Dec 5, 2009
Ethan just 2 days old!
I am a happy Mom. A really happy Mom. I think I may be the happiest Mom in the world. And I’ll tell you why…
I was diagnosed with breast cancer seven years ago. My world came to a stop. I was shocked and devastated. My life was great ---- wonderful husband, great career, very dear friends, and caring family. I was active, fit, and enjoying life. I was only in my 30s. My husband and I were hoping to have a family and were undergoing infertility treatment. After our first IVF cycle, we had gotten pregnant but the pregnancy didn’t hold. We were optimistic that we would be parents sometime soon. It was supposed to be a “routine biopsy”. I can still hear my surgeon telling me the news. My first thought was “will I live?” and then “will I ever have a baby?”

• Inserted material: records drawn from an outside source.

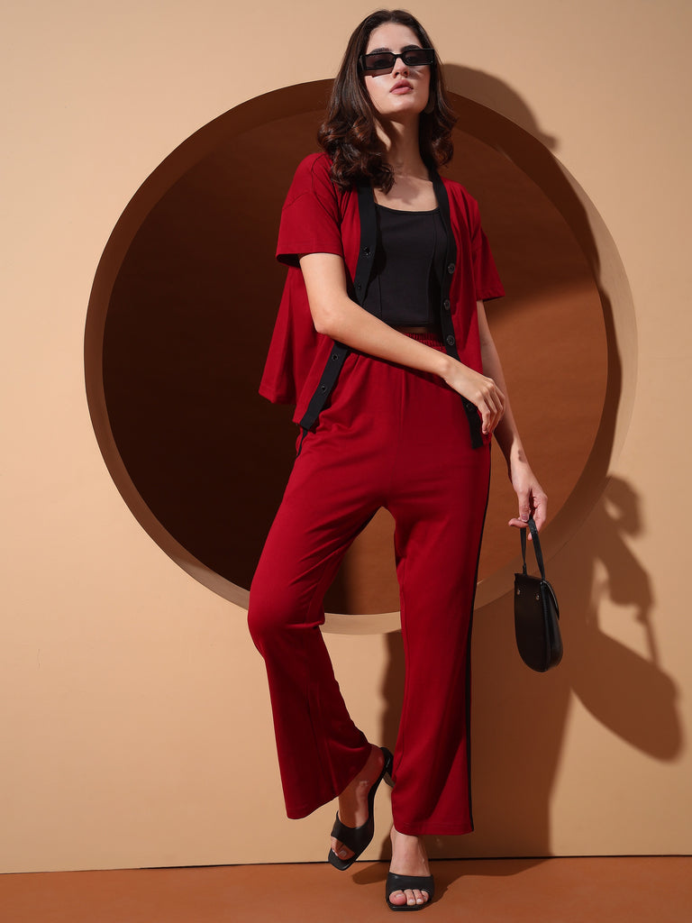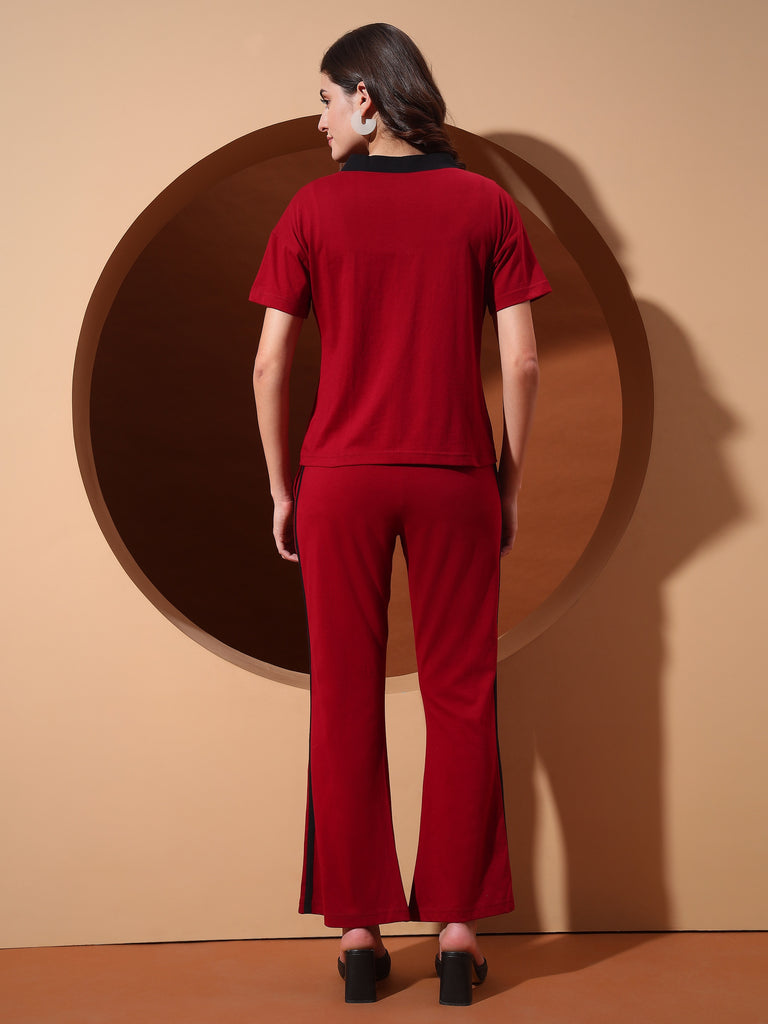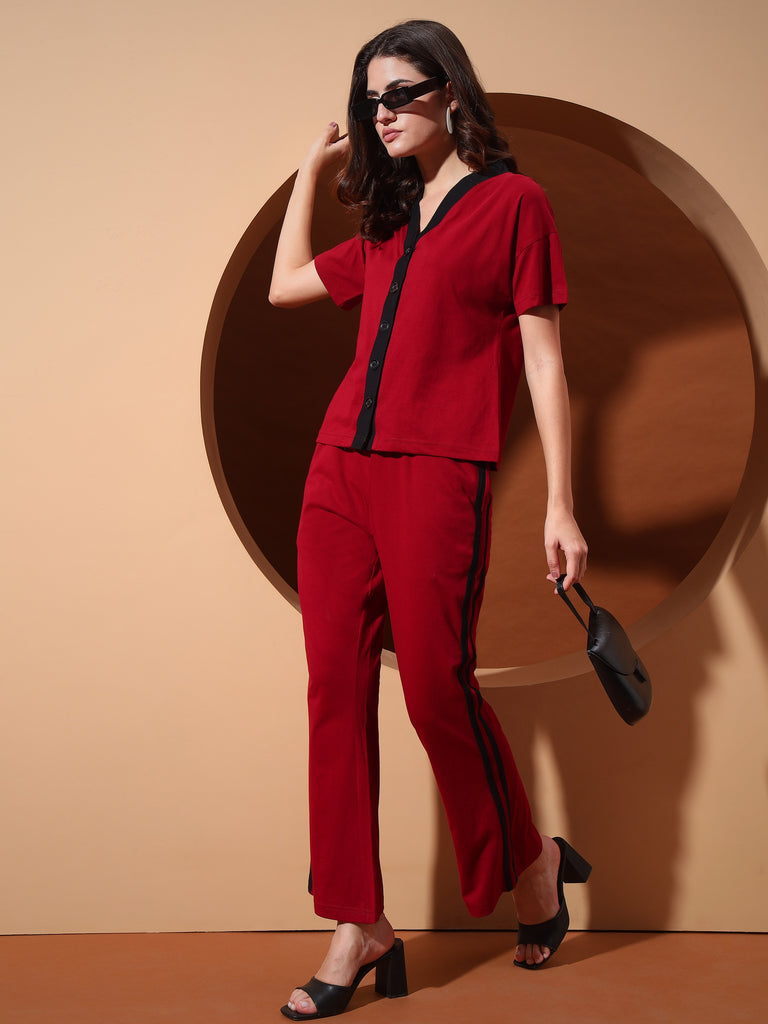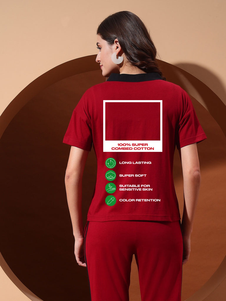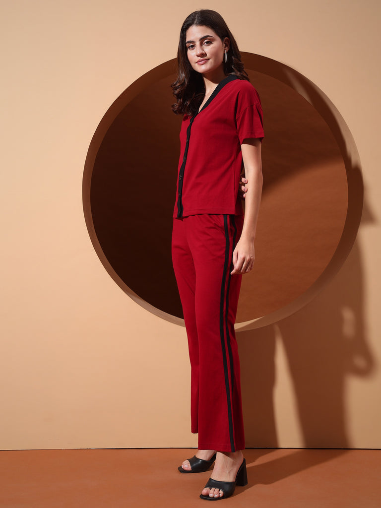 Elevate your downtime look with this bold red and black co-ord set—crafted in super combed cotton for all-day ease. From AM errands to PM lounging, this one set does it all.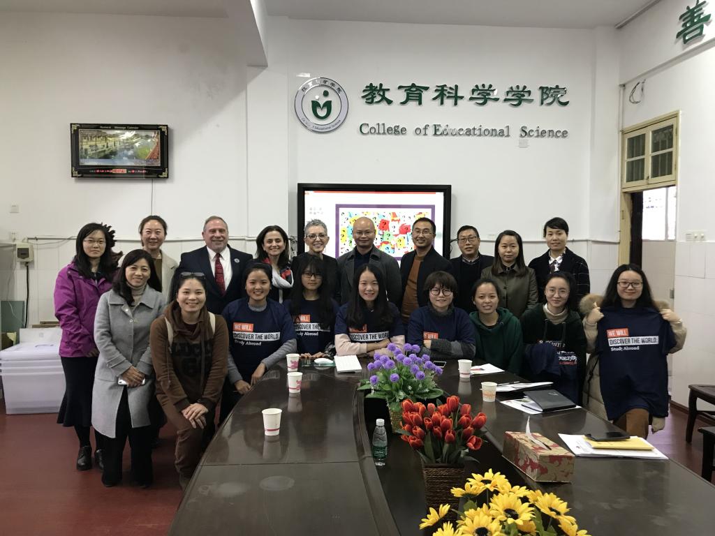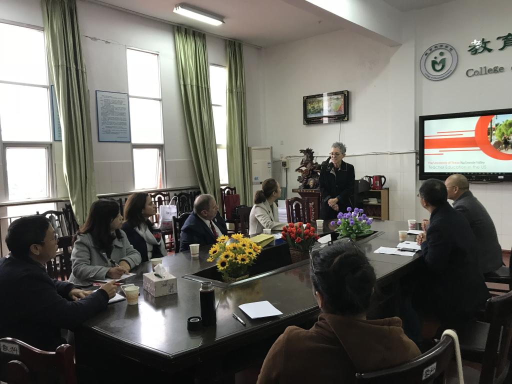 为进一步提高我院师范生培养质量,打造教师教育培养特色,11月14日下午,我院特邀请客座教授美国德克萨斯大学大河谷分校副校长Patricia Mchatton博士来院交流讲学。交流会在文综楼B309会议室进行,会议由我院主管科研副院长刘衔华教授主持,参加会议的有郑志辉副院长、教育学系主任黎利云博士及部分师生。刘院长对Patricia Mchatton 博士一行的到来表示热烈的欢迎,并向来宾介绍了bv伟德国际1946在教师教育培养上的基本框架和特色成果。之后Patricia Mchatton 博士为我院师生开展了题为“Teacher Education in the University Texas Grande Valley”的精彩讲座,介绍了德克萨斯大学在师范生教育培养上的宝贵经验,使我院师生受益匪浅。讲座结束后,参会师生就其感兴趣的方面与Patricia Mchatton 博士一行进行了深入交谈。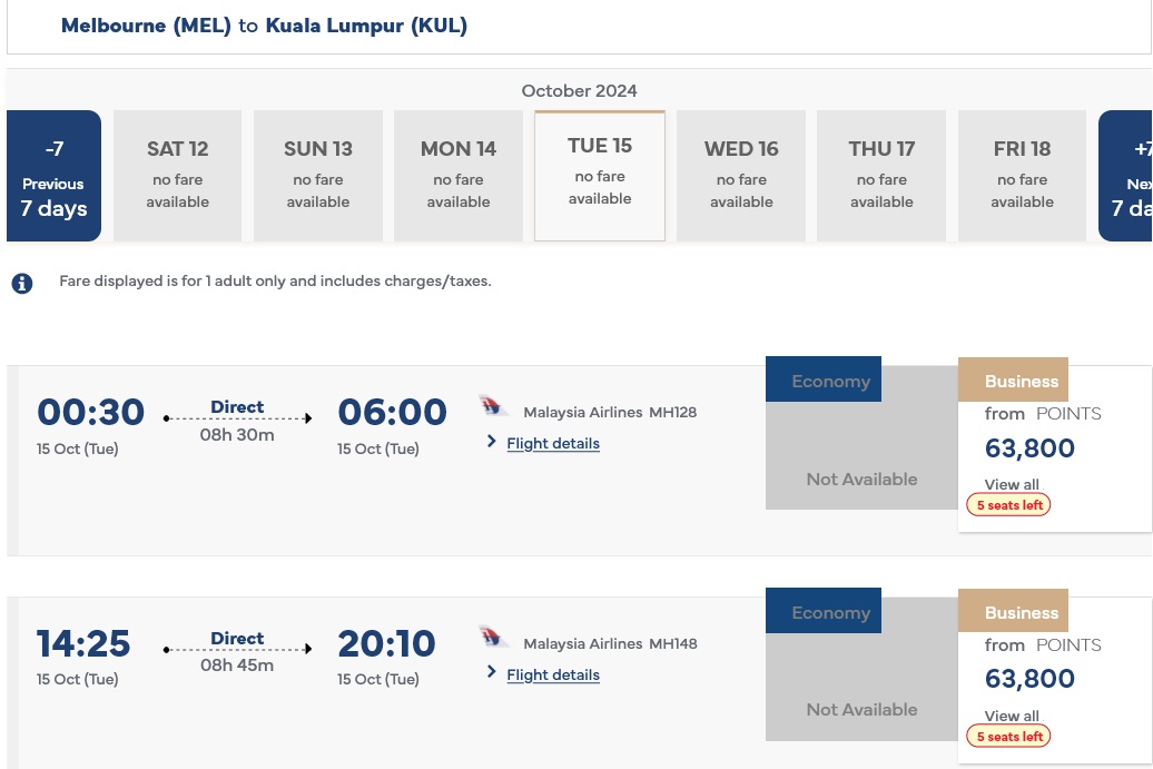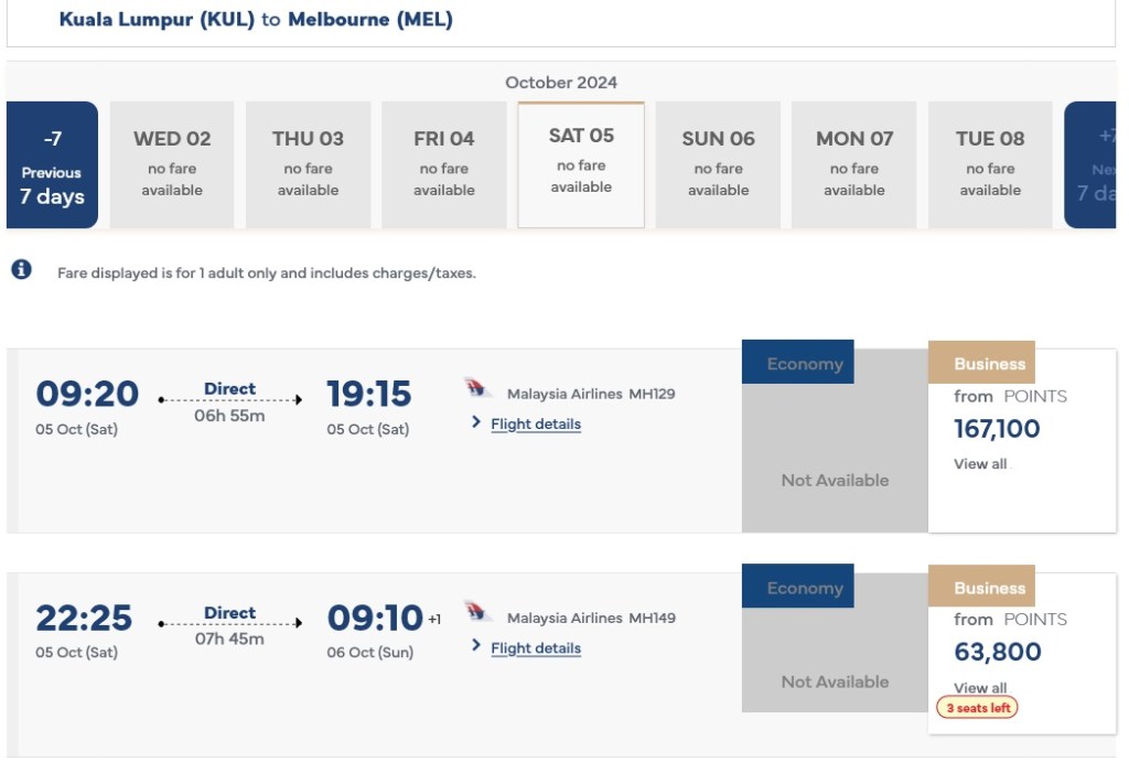Enrich Points Required for Kuala Lumpur to/from Melbourne Business Class with Malaysia Airlines
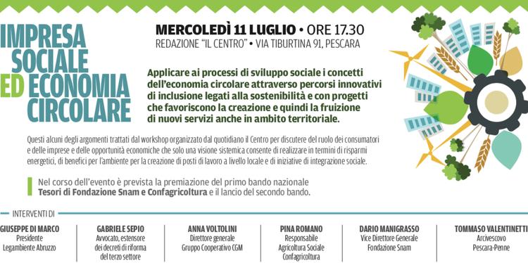 Si é tenuto ieri presso la redazione de “Il Centro” un interessante workshop su Impresa Sociale ed Economica Circolare nel corso del quale é stato assegnato il primo bando nazionale “Tesori” di Fondazione Snam e Confagricoltura.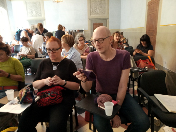 Ovviamente, l’incontro è stato anche (o forse soprattutto) anche un meraviglioso modo per incontrare persone con cui condividiamo passioni e piccole manie: un week-end interamente dedicato alla maglia e al filato in cui tutti avevano modo di condividere almeno un argomento: il lavoro ai ferri. Non una fiera dei lavori manuali che mescola in modo casuale tecniche e passioni diverse, ma un compatto evento mirato unicamente ed esclusivamente alla maglia. Un tipo di festa a cui in Italia siamo poco abituati, ma la cui mancanza è sentita da molte e molti appassionati.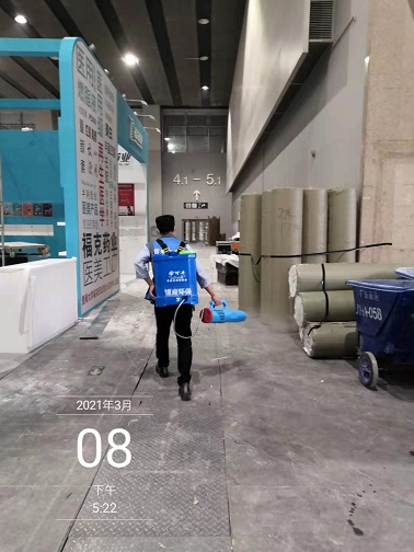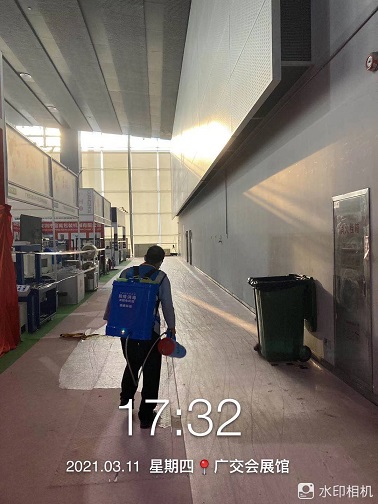2021年3月7-12日,銀康公司承包琶洲國際會展中心A、B、C區(qū)共28個館-廣州國際美博會防疫消毒服務(wù)。以下是進(jìn)行防疫消毒服務(wù)的相關(guān)圖片: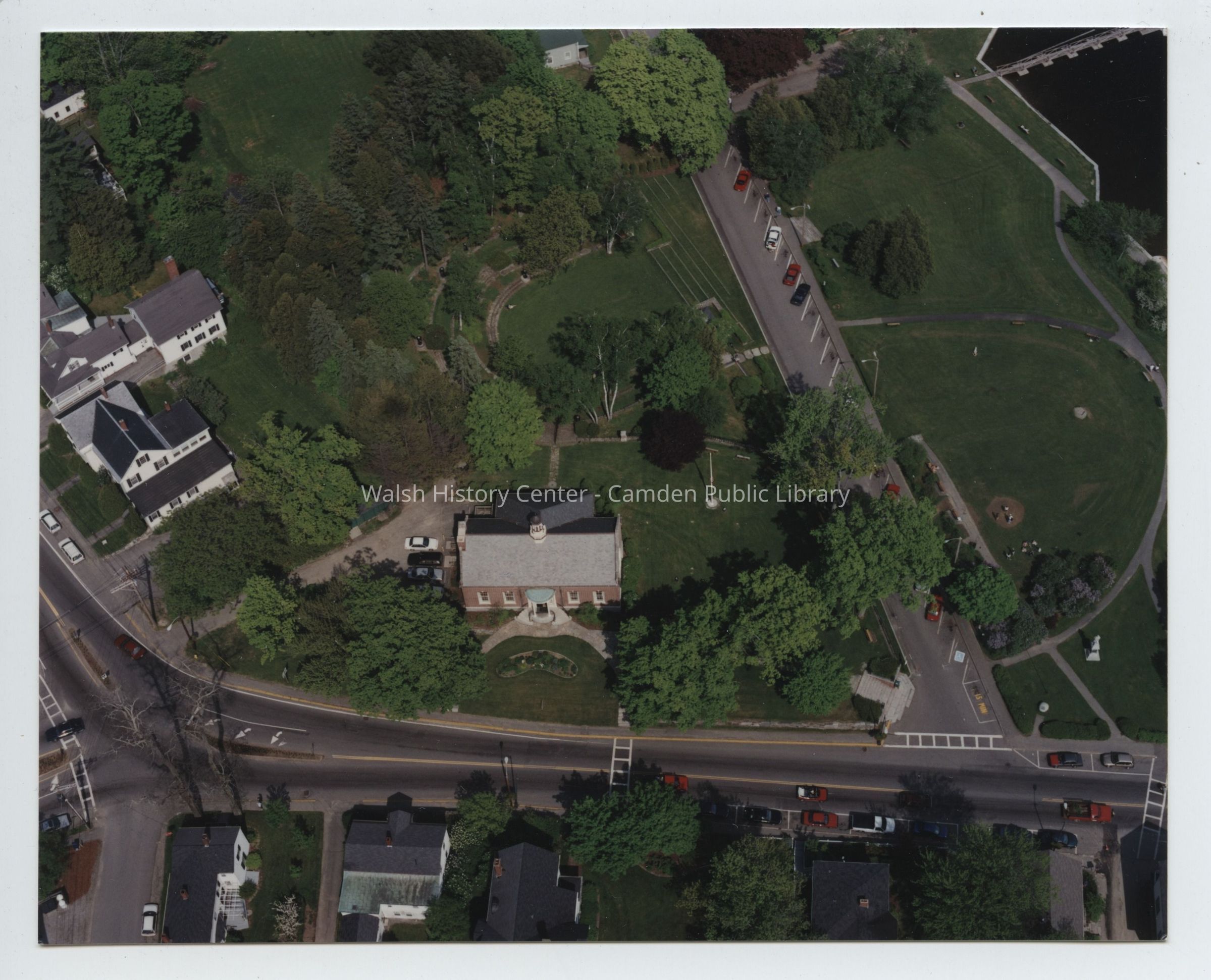 Aerial views of the Camden Public Library showing Atlantic Avenue, Main Street, High Street, Harbor Park and the Ampitheatre prior to the Centential Wing expansion c.1994/1995.Collection

From that day on, I learned to live for each day. I reached out to friends and family to put me in contact with anyone who could help me find the best treatment, understand the disease, and deal with all the emotions --- anxiety, fear, anger, sadness, depression. I was lucky that although the cancer had spread to my lymph nodes, it had not spread to other areas of my body. I chose the most aggressive treatment possible and tried to move on with my life. I learned about some great organizations dedicated to helping women deal with breast cancer and fighting for advancements in treatment. I met so many wonderful, dynamic, strong women survivors who helped me through every stage of dealing with my diagnosis ---- choosing physicians, going through surgery/chemotherapy/ radiation, and learning to live my life again. Women who laughed and cried with me, offered me advice and talked to me for hours. The tremendous love and support from these women and my family and friends was incredible. Words cannot express my love and gratitude to all of these special people in my life.
After my diagnosis, in many ways the world became more vivid to me. I noticed more things and took more time to listen, look, and explore. Every moment became precious. I left behind the quest for a high-powered corporate career to focus on having a family, quality of life, and giving back. Every week throughout my treatment and beyond, I bought one children’s book and put it on a shelf to save for my “baby-to-be”. That focus on the future…on having a child someday, helped me through the toughest days of treatment.
After my treatment was completed, my oncologist recommended against trying to become pregnant as my tumor had been estrogen receptor positive (and during pregnancy estrogen levels increase significantly). Our precious embryo was carried to term by an amazing woman (a gestational surrogate). Ethan was born in September of 2005. I became a Mom. I am so grateful to this amazing woman who has become a dear friend, part of our family, an “Auntie” to Ethan. To this day, when I hold Ethan in my arms, it brings tears to my eyes since I never thought I would be a Mom. And my little boy is the absolute joy of my life.
When Ethan was born, I think I was the only new Mom on the planet who was not just happy…but thrilled to wake up during the night for feedings…fine with sleepless nights…happy to deal with anything! The happiest Mom in the world! If I’m ever telling you a story about Ethan and something he’s said or something we’ve done together…don’t be surprised to see tears in my eyes. In fact, I can get very weepy when I talk about him! I love to see him explore the world and learn new things…love to hear his little voice tell a story or break out into song…love the “why?” “why?” “why” questions…and love his every developing sense of humor (right now he thinks the funniest thing is to say “Mommy?” I answer “Yes, Ethan?” He says “Nothing!” And breaks into giggles. Ahhhh, the simple pleasures in life.
I am truly grateful for every precious moment in this world. For many reasons, I’m driven to try to make some small difference in this world. I was happy (and lucky) to stay at home full-time with Ethan for his first 2.5 years. It was a wonderful time. Since he was born, I have spent lots of time showing him the outdoors, introducing him to art and music, reading books and have seen how exposing a child to nature/art/music at a young age can inspire such a curiosity about and an awareness of the world. I began playing music for Ethan when he was just a few hours old...started reading books to him when he was just a few days old…and took him outside to feel the rain when he was just a week old. I love every minute of time that I spend with Ethan…love watching him grow and learn…love his curiosity and interest in the world.
When I thought about working again, I had no interest in the corporate world. So, Rosie Hippo was perfect –a combination of my love for children, my interest in child development, my creative side, and my marketing/business background. And I love what I do! I love bringing toys and books and music to children that will help inspire them, teach them about the world --- issues like diversity, giving, greening -- and help instill good values and a foundation from which to grow. And I’m dedicated to trying to give back…to trying to make some small difference in the world. I want Rosie Hippo to be a toy company with a conscience...in what we stand for, in what we sell, and in what we support. I’ve sought opportunities to partner with like-minded organizations dedicated to trying to make a difference...for children...for parents...and for our planet.
Every time that I hug my little boy, snuggle with him and read a book, hear him say “Mommy I love you” and experience so many other beautiful moments reminds me of how precious life is…how precious children are…and I am truly grateful. I am indeed the “happiest Mom in the world”!